Why Neurons Have Thousands Of Synapses, A Theory Of Sequence Memory In Neocortex


Ok thanks @subutai.


The caption of Figure 6 of the paper mentioned in the title says:

The input stream used for this figure contained high-order sequences mixed with random elements. The maximum possible average prediction accuracy of this data stream is 50%.

@jhawkins, @subutai, I don’t really get why the average prediction accuracy would just be 50%, even in the presence of noise. Btw, the amount of noise added to the sequence is not even specified.


If the max possible prediction accuracy is 50%, doesn’t that mean the stream is 50% noise?


Even in the presence of much noise, I don’t get why the prediction accuracy couldn’t still be 100%, given that HTM should be, as it’s claimed in the paper, robust to noise, i.e. deal with sequences which contain noise as if they didn’t contain it.


If the input stream is 50% noise, and you are comparing your predictions to the input stream as ground truth, no algorithm will ever get much better than 50% accuracy.


It’s not written in the paper that the accuracy is calculated in this way you’re suggesting.

Also, in the paper, it’s written

For this simulation we designed the input data stream such that the maximum possible average prediction accuracy is 50%

It should have been stated what actually was done in practice to achieve such a thing.

Also, I really don’t get why would one set up this experiment to obtain just a maximum average prediction accuracy of 50%.


To clarify, HTM will still keep sequences in context in the presence of noise, and continue making predictions given those sequences. It can hold onto those sequences in the noise and continue recognizing features of them over time, even when noise is persistent. Of course, nothing can predict random noise 100%, but HTM can pattern match temporal sequences even with lots of noise.


So the input is not trivial to predict. I’m sure the sequences are very simple patterns. Given a noisy signal, here is our prediction accuracy (near 50%). As we remove cells, accuracy decreases. The point is to show how accuracy is affected by cell death, which is fault tolerance.


This is not demonstrated in the paper.


This experiment to demonstrate the ability of the HTM sequence memory to perform predictions is, at least, a little suspicious, also because artificial simple sequences were used. Anyway, it somehow shows that it can cope with cell death.


I think if you understand the HTM algorithm, activity->prediction is no different in a simple sequence compared to a complex one. The connections formed during learning represent a transition from one element to another, regardless of the overall length or complexity of the sequence. The test shows how that transition is impacted by noise in the system.


As far as I understood, the prediction accuracy of the HTM sequence memory particularly depends on the number of cells per column and on the complexity of the input sequences.


Number of cells in the column yes, but not complexity of the sequence. Number of cells impacts capacity (i.e. how many contexts a particular input can be in)


Actually, also on the complexity of the sequence. More specifically, it depends on the contextual Markovian order of the elements in the sequence. I suppose that you can cope with this by changing the number of cells per mini-column. Maybe you meant another type of complexity other than the dependencies between the elements in the sequence?


Upping the order of the sequences (like going to ‘a,b,c,d,e,f’ from ‘a,b,c’) increases the req’d capacity, though the standard 32 per column can potentially handle quite a lot. I think it will inevitably take more iterations to learn long sequences though regardless of the cells per column, since longer sequences mean more context.


Sorry, don’t really understand this point, but…

The capacity of a typically sized 2048 minicolumn, 32 cells each is ridiculously huge. With the learning params set properly, even a sequence of ungodly length can be learned in a single shot.


To further hammer home my point, with the learning params set low, if it were to take 3 itterations to learn a very short sequence, it would likewise take 3 iterations to learn an enormously long one. The learning rule is done locally to remember the transition between two elements in context. As such, it functions the same way regardless of how long the sequence is.

I can draw up some visualizations to further explain if this point sounds wrong to you.

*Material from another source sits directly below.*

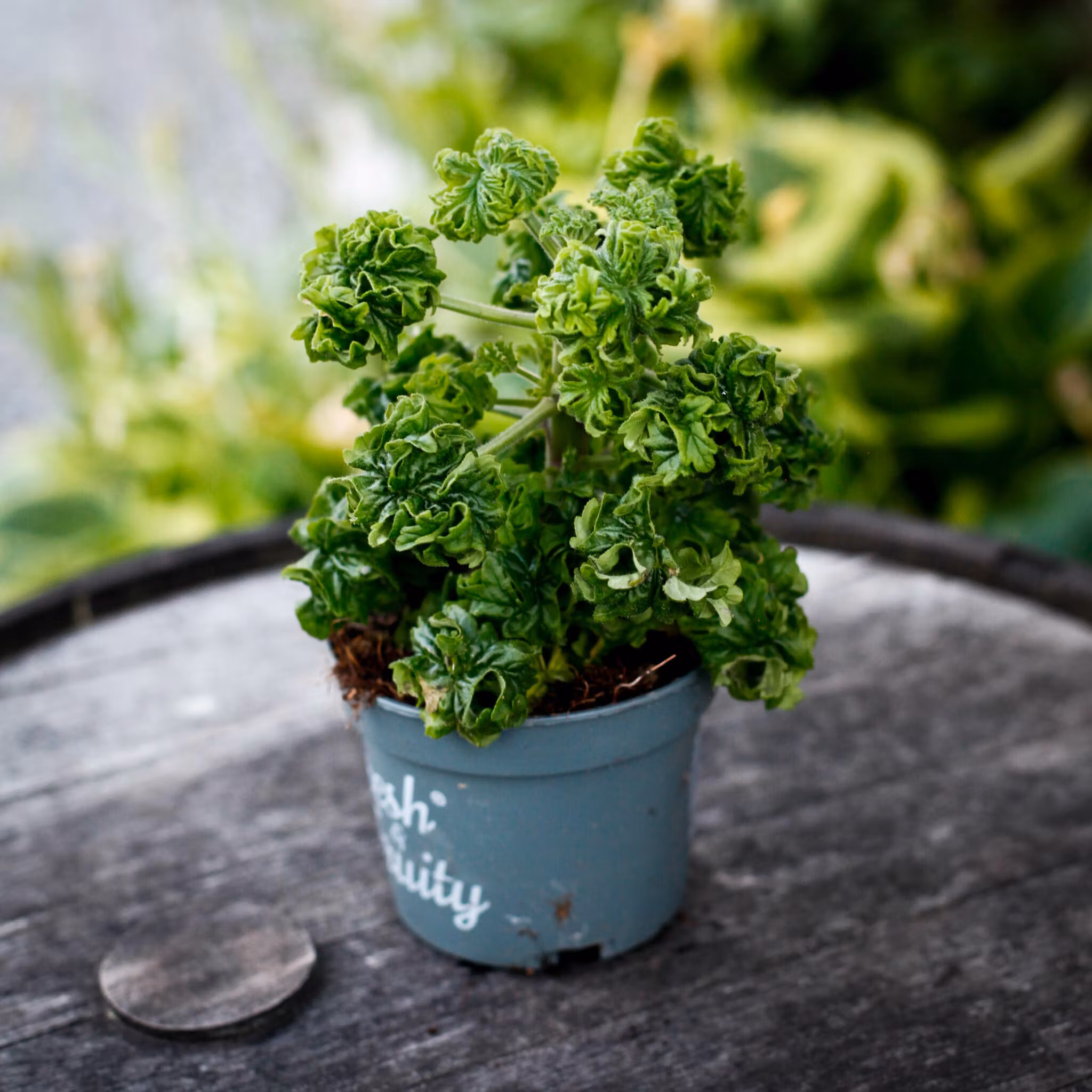 Pelargonium 'Bontrosai' är en sällsynt och fascinerande doftpelargon som imponerar med sina udda och vackra egenskaper. Den har ett kompakt, bonsailiknande växtsätt och är känd för sina rynkiga, skruvade blad. Denna ovanliga sort har också en underbar doft av ros och citrus.

In this simulation, the stream contained sequences that were each 6 elements long, followed by 4 noise elements. e.g. “XABCDENNNNYABCFGNNNNXABCDENNNN…” (where N is a completely random input).

In this setup the four noise elements are unpredictable as is the first element of each sequence, so the best you can do is predict 50% of the elements.

The full code for the experiments is here:


I’m still not sure what mathematical property lets you say that the best you can do is 50%, also because the noise is inserted regularly between the sequences (i.e. at regular intervals, given that the noisy sequences have all the same length, as well as the “normal” sequences) and, after a while, the algorithm should have learned all the sequences.

Btw, how exactly did you measure the prediction accuracy?


You know where to look to find this, Subutai just gave you the link.